In 1715, Britain’s new Hanoverian monarchy was under threat from the First Jacobite Rebellion (1715).
Brigadier General Phineas Bowles, a veteran of the War of the Spanish Succession (1701-14), was one of several men tasked with finding additional troops.
He recruited in Berkshire, Buckinghamshire and Hampshire, before formally raising a regiment of dragoons in Reading in July that year.
Three years later, the regiment was sent to garrison Ireland, where it remained until the 1790s.
During its time there, it was re-titled as the 12th Regiment of Dragoons in 1751, and received the ‘Prince of Wales’s’ prefix, motto and crest in 1768.
On the outbreak of the French Revolutionary Wars (1793-1802), it deployed to the Mediterranean, serving at Toulon (1793) and Calvi (1794) in a dismounted role.
In 1801, it moved to Egypt, seeing action at Roman Camp against French camel-mounted troops. It also fought at Alexandria, Rahmanieh and Cairo during the campaign, for which it won its first battle honour.
After a period of home service, it joined the unsuccessful Walcheren Expedition in 1809. Two years later, it deployed to the Peninsular War (1808-14), going on to serve at El Bodon (1811), Badajoz (1812), Salamanca (1812), Burgos (1812), Venta del Ponzo (1812), Vitoria (1813), San Sebastian (1813), Bidassoa (1813), Nivelle (1813) and Nive (1813). The regiment returned home in 1814.
In June 1815, it fought at Waterloo, supporting the Union Brigade following its charge. It converted to lancers in 1816 and was granted a ‘Royal’ prefix the following year. It remained in France with the Army of Occupation until 1818.
A long period of home service followed until 1851, when the 12th moved to the Cape Colony (now part of South Africa) to fight in the Eighth Frontier War (1851-53).
In 1855, during the Crimean War (1854-56), it reinforced the Light Brigade after its disastrous charge at Balaklava (1854). Two years later, it moved to India to assist in the suppression of the Mutiny, remaining on the subcontinent until 1860.
Following garrison service at home and in India, it fought in the Boer War (1899-1902). It took part in the Battle of Magersfontein (1899), Relief of Kimberley (1900), and the Battles of Paardeberg (1900) and Diamond Hill (1900), before joining the anti-guerrilla operations there.

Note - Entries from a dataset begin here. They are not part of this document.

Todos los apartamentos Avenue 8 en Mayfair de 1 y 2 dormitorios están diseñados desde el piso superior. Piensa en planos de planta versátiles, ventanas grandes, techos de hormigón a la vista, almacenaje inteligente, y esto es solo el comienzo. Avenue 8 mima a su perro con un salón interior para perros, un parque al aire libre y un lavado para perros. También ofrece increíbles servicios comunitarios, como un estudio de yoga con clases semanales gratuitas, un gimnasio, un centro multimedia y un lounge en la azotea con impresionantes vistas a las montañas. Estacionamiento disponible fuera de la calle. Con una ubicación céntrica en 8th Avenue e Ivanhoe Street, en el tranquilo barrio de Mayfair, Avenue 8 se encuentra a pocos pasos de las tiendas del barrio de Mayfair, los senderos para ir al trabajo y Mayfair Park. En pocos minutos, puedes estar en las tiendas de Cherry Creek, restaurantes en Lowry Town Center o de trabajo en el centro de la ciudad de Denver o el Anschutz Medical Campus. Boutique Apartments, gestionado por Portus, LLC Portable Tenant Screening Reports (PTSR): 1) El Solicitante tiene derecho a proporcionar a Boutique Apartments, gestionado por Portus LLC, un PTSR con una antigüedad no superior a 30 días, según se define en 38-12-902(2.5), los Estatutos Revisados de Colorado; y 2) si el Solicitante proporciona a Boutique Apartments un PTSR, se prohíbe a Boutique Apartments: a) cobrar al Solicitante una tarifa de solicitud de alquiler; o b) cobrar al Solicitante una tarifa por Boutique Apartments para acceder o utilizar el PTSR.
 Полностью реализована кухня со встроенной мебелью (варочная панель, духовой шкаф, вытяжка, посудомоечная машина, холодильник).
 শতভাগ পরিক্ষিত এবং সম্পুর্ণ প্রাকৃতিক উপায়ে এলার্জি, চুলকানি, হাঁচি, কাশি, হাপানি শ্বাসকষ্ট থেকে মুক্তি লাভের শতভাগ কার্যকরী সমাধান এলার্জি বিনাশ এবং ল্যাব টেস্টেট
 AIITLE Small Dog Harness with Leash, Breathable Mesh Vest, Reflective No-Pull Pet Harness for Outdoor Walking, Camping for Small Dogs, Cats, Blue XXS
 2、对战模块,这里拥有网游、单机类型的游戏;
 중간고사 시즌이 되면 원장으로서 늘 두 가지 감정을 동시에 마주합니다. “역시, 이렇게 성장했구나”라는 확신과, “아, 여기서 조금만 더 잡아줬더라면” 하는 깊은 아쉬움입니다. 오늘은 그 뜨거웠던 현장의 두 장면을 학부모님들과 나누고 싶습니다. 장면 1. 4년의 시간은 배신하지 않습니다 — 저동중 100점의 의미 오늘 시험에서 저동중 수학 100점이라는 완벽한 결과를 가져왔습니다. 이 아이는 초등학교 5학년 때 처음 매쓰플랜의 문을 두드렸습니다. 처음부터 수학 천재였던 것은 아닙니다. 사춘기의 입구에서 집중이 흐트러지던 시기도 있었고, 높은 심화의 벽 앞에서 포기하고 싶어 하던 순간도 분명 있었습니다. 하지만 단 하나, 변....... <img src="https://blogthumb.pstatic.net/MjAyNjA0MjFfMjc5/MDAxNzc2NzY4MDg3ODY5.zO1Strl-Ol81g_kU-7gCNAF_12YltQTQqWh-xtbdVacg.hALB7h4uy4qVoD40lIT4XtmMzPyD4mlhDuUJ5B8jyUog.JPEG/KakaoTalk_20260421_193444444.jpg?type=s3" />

Following further imperial garrison duties, the 12th deployed to the Western Front in August 1914. It remained there for the entire First Word War (1914-18), fighting in both a mounted and dismounted role, and winning many honours, including Mons (1914), Marne (1914), Aisne (1914), Ypres (1914 and 1915), Neuve Chapelle (1915), Arras (1917), Cambrai (1917), St Quentin (1918), Lys (1918), Amiens (1918) and the St Quentin Canal (1918).

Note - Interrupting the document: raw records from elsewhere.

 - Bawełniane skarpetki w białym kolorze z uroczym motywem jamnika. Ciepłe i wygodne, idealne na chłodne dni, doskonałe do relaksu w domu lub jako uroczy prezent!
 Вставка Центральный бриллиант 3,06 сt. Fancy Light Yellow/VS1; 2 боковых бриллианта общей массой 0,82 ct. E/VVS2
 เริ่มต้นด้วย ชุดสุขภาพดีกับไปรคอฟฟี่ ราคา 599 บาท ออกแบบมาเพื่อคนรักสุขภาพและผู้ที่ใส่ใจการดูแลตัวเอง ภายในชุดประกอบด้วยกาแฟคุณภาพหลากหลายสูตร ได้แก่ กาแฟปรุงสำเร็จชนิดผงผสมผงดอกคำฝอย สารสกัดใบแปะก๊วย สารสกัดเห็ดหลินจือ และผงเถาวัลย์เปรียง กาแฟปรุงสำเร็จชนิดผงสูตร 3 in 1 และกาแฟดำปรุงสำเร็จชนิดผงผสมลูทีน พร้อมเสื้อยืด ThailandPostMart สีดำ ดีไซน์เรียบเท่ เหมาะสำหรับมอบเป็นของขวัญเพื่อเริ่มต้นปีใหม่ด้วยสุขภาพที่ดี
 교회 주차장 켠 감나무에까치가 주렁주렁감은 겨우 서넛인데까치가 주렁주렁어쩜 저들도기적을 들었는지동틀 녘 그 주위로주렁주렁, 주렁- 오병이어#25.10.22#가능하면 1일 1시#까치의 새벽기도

In 1919, the regiment served in the Irish War of Independence (1919-21). It spent the rest of the inter-war years in Egypt, England and Germany, where it helped supervise the 1935 Saarland plebiscite. The unit had switched to armoured cars in 1928.
After fighting in the Battle of France (1940) and joining the retreat to Dunkirk, the 12th returned to England to re-equip. In late-1941, it deployed to North Africa, where it fought in many battles, including Gazala (1942), Alam el Halfa (1942), El Alamein (1942) and Tunis (1943). From mid-1944, it served in the Italian campaign as a reconnaissance unit.

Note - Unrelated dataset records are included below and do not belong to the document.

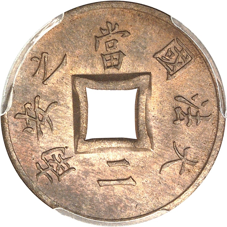 Rv. Perforation carrée centrale, autour caractères indochinois.
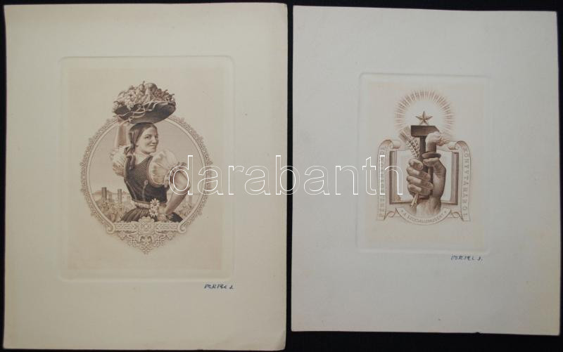 Beschreibung: Vertel József (1922-1993): A szocializmusért, A szüretelő, 2db. rézkarc, papír, jelzettek, (2)× 20×16 cm
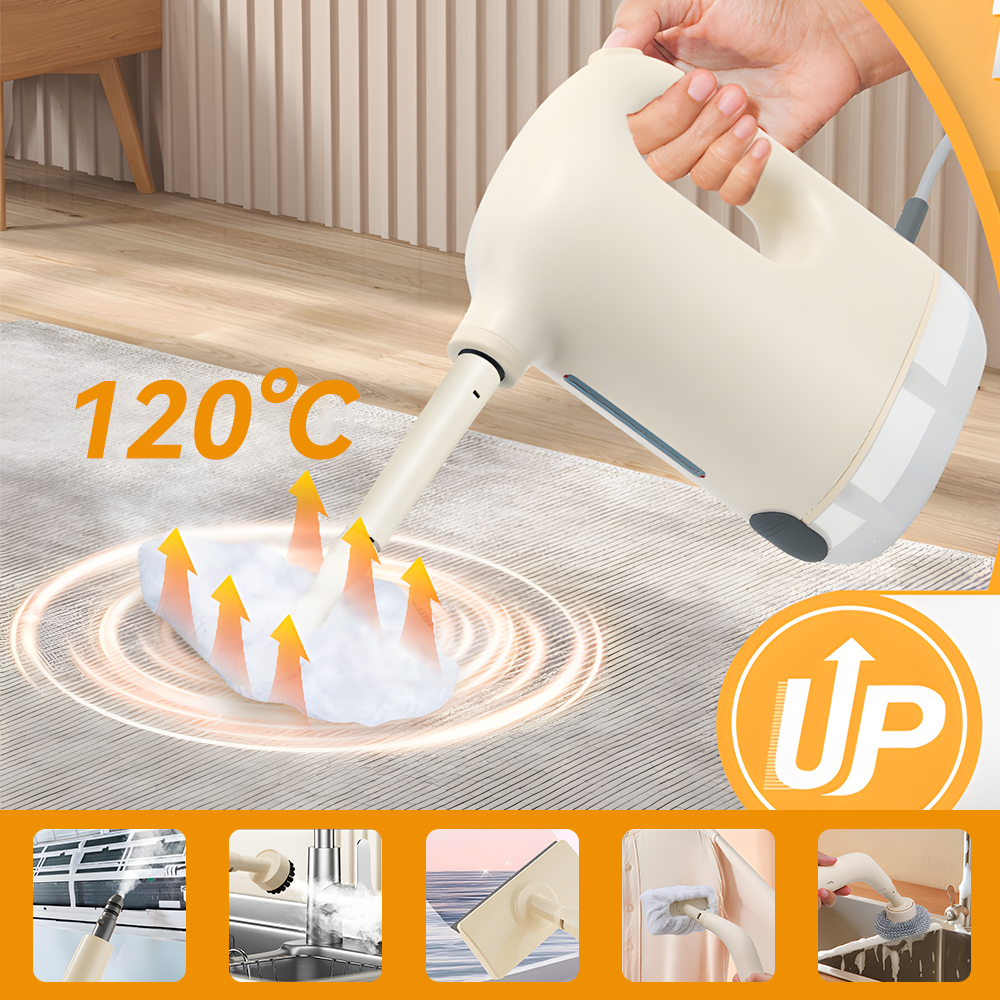يُعدُّ هذا الجهاز أحد أقوى أجهزة البخار المحمولة، حيث يُولد بخارًا بدرجة تصل إلى 120 °C وبضغط حوالي 3.0 بار (3000 PSI)—قادر على إذابة الأوساخ والعفن بسرعة كبيرة، دون الحاجة إلى أي مواد كيميائية.

The regiment served in the Palestine Mandate in 1946-47. It returned to Britain, before moving to the Malayan Emergency (1948-61) for four years in 1951. It then served with the British Army of the Rhine in West Germany.
In 1960, it merged with the 9th Queen’s Royal Lancers to form the 9th/12th Royal Lancers (Prince of Wales’s).
The National Army Museum works with a network of Regimental and Corps Museums across the UK to help preserve and share the history and traditions of the Army and its soldiers.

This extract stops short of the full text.